_Problem to work on_
Your output is to hold only the lines from the one showing "厳選された国産サバが、爽やか" through the end of the listing, exactly, with every picture excluded.

_Input data_

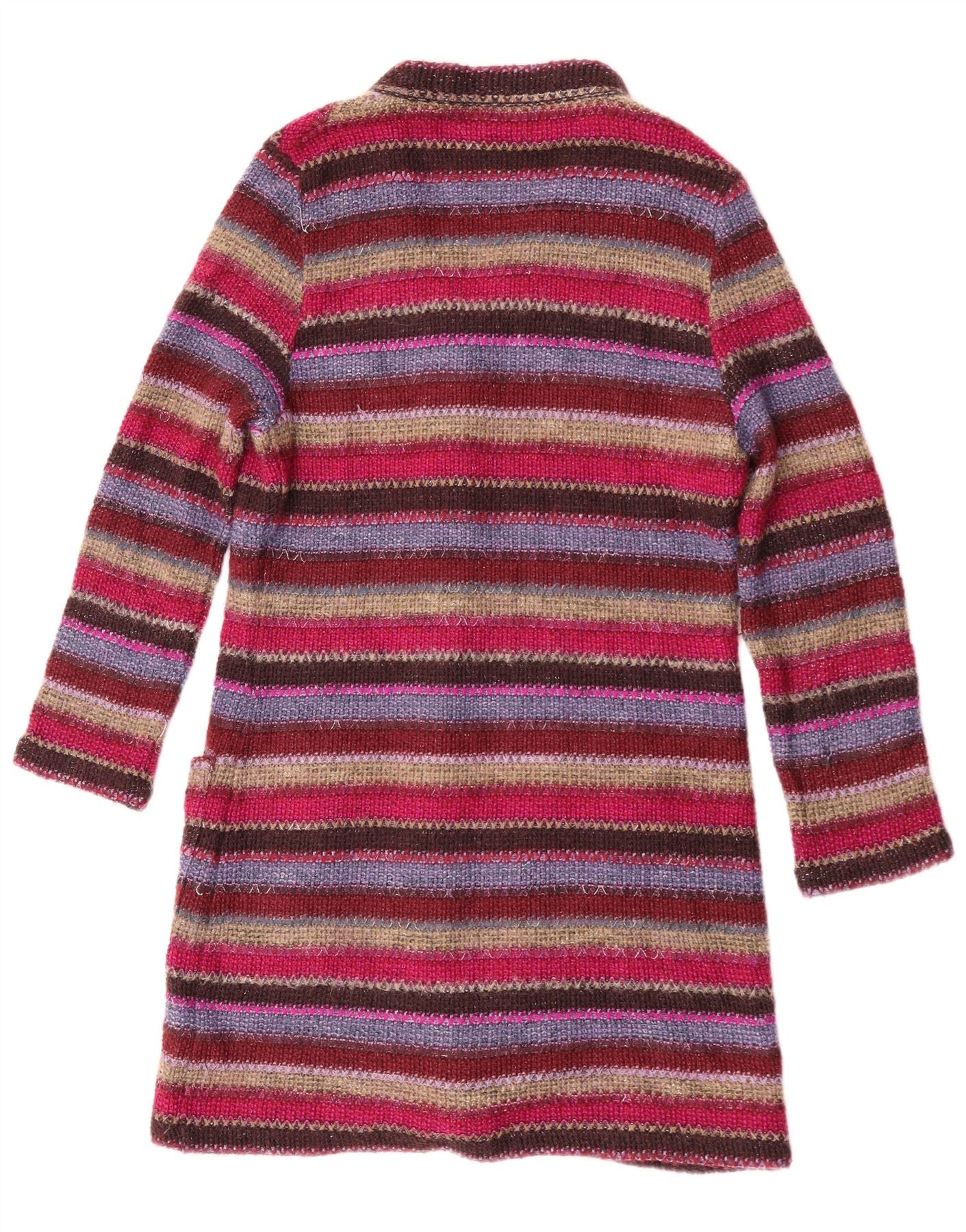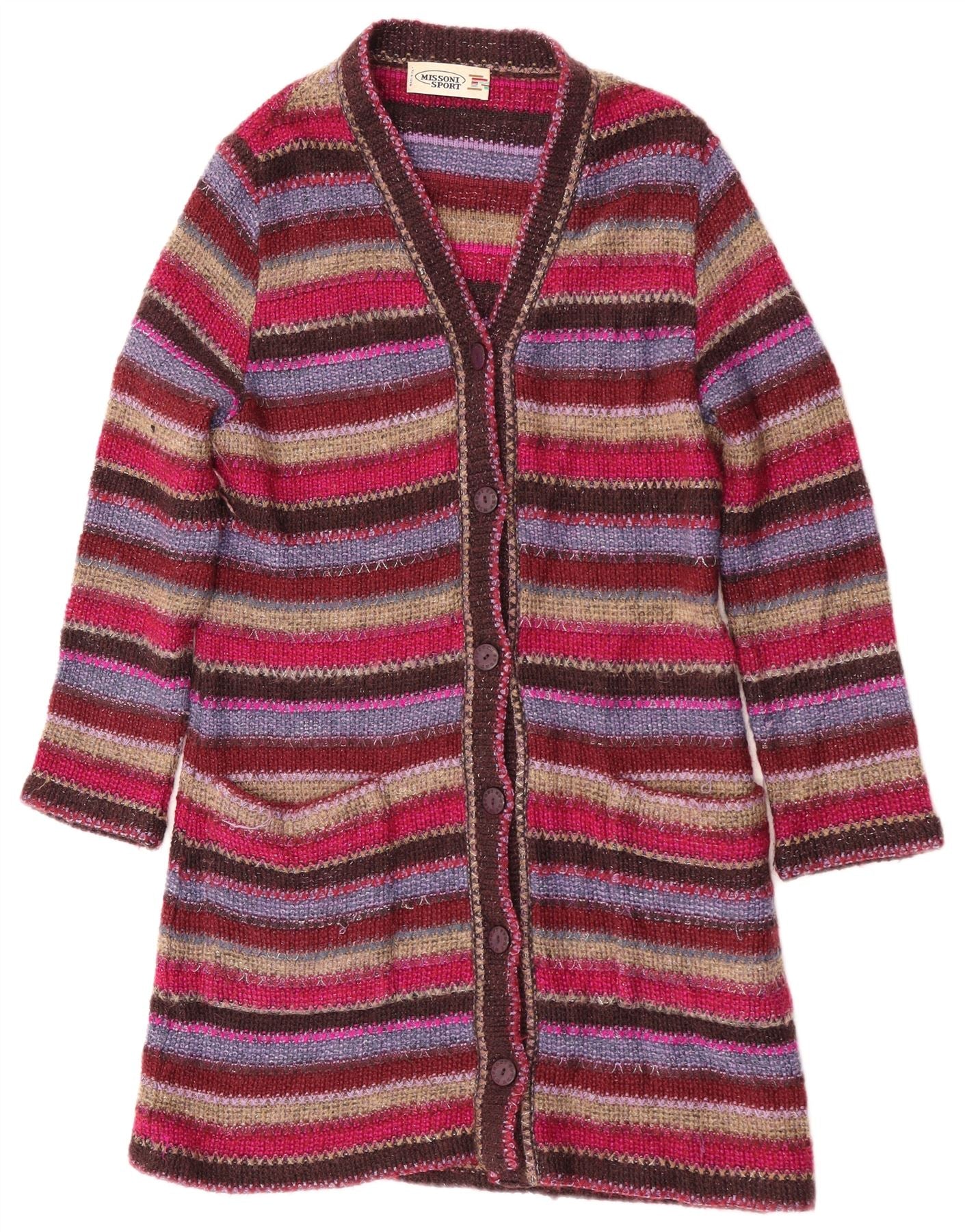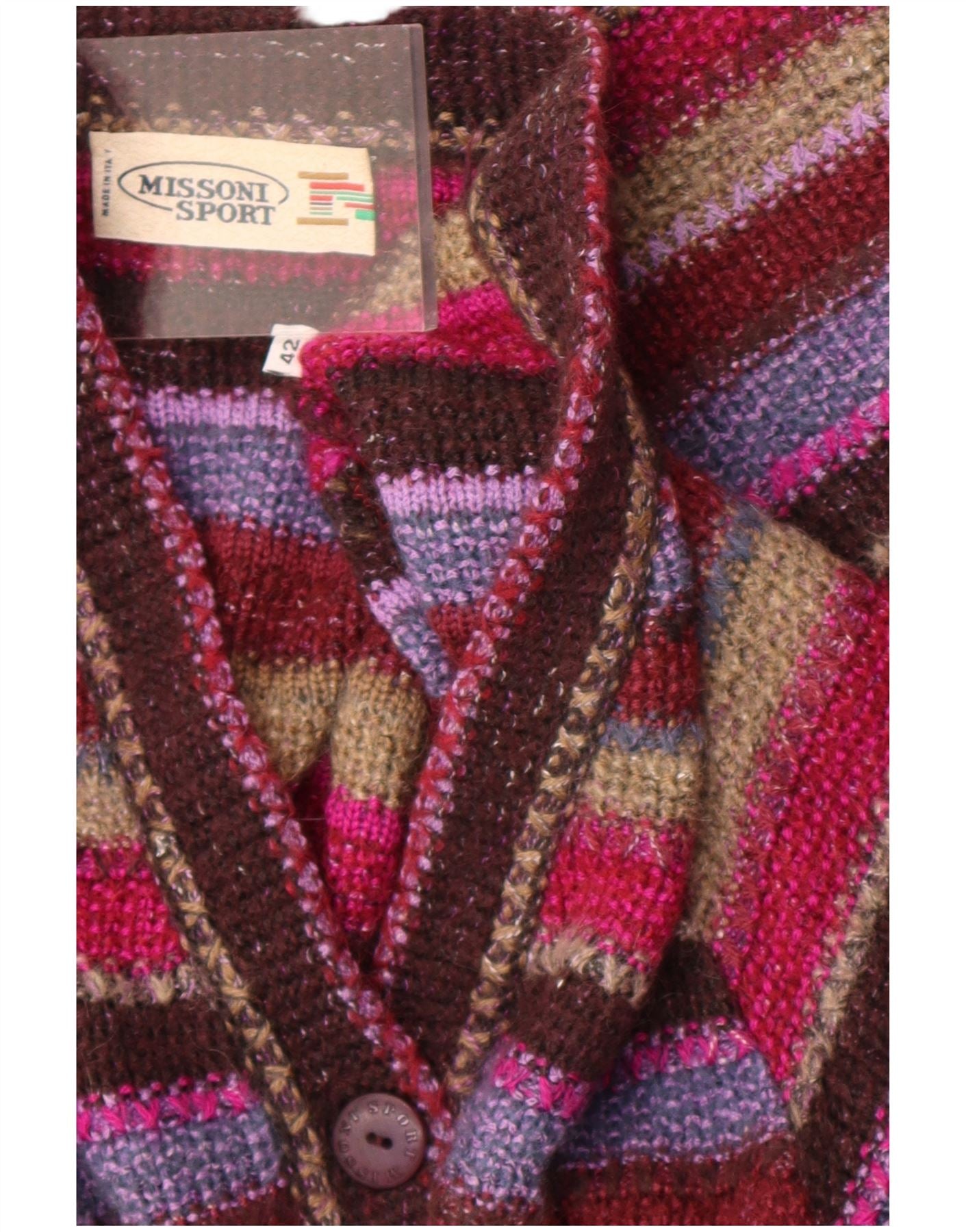 - Описание ИИ: Женский кардиган Missoni Sport выполнен из разноцветного трикотажа, создающего богатую текстуру. Он имеет яркий полосатый узор в оттенках красного, фиолетового и коричневого. V-образный вырез и застежка на пуговицы спереди создают классический силуэт. Имеет рукава длиной 3/4 и стандартный удлиненный крой. Два передних кармана добавляют практичности. Эта вещь сочетает в себе комфорт и неповторимый стиль.
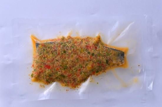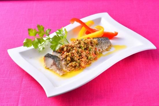 厳選された国産サバが、爽やかな酸味のラビゴットソースに包まれた贅沢な逸品です。脂の乗った旬のサバをふっくらジューシーに蒸し上げ、さらにパプリカや玉ねぎなどの香味野菜をたっぷりと使用した自家製ラビゴットソースが、味わいを引き立てます。
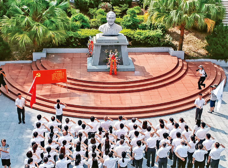 谷文昌在福建省东山县工作14年间,带领东山人民与风灾、旱灾抗争,植树造林,兴修水利,改善交通,发展生产,把一个风沙肆虐的荒岛变成生机盎然的东海绿洲,为经济建设和社会发展奠定了坚实基础。习近平总书记多次提到谷文昌,称赞他“在老百姓心中树起了一座不朽的丰碑”。图为2019年7月1日,党员干部在谷文昌塑像前重温入党誓词。 东山县委宣传部供图 许照临/摄
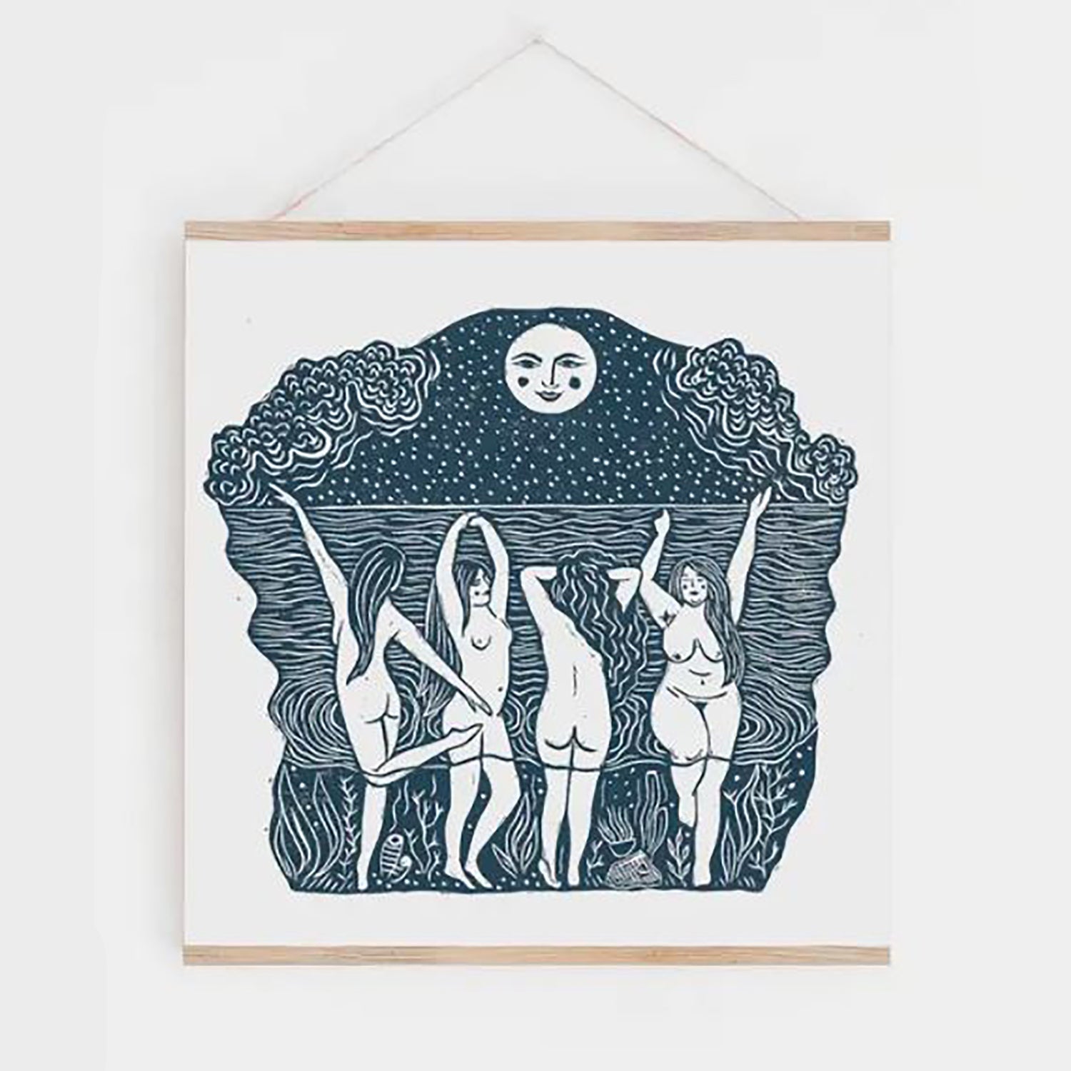 4 women dance to the light of the moon in a calm sea. This is a playful print, exploring the feminine connection to the moon and tides- nature, paganism and inspired by medieval and historical engravings of old. A limited edition run of 150.

_Your solution_
 厳選された国産サバが、爽やかな酸味のラビゴットソースに包まれた贅沢な逸品です。脂の乗った旬のサバをふっくらジューシーに蒸し上げ、さらにパプリカや玉ねぎなどの香味野菜をたっぷりと使用した自家製ラビゴットソースが、味わいを引き立てます。
 谷文昌在福建省东山县工作14年间,带领东山人民与风灾、旱灾抗争,植树造林,兴修水利,改善交通,发展生产,把一个风沙肆虐的荒岛变成生机盎然的东海绿洲,为经济建设和社会发展奠定了坚实基础。习近平总书记多次提到谷文昌,称赞他“在老百姓心中树起了一座不朽的丰碑”。图为2019年7月1日,党员干部在谷文昌塑像前重温入党誓词。 东山县委宣传部供图 许照临/摄
 4 women dance to the light of the moon in a calm sea. This is a playful print, exploring the feminine connection to the moon and tides- nature, paganism and inspired by medieval and historical engravings of old. A limited edition run of 150.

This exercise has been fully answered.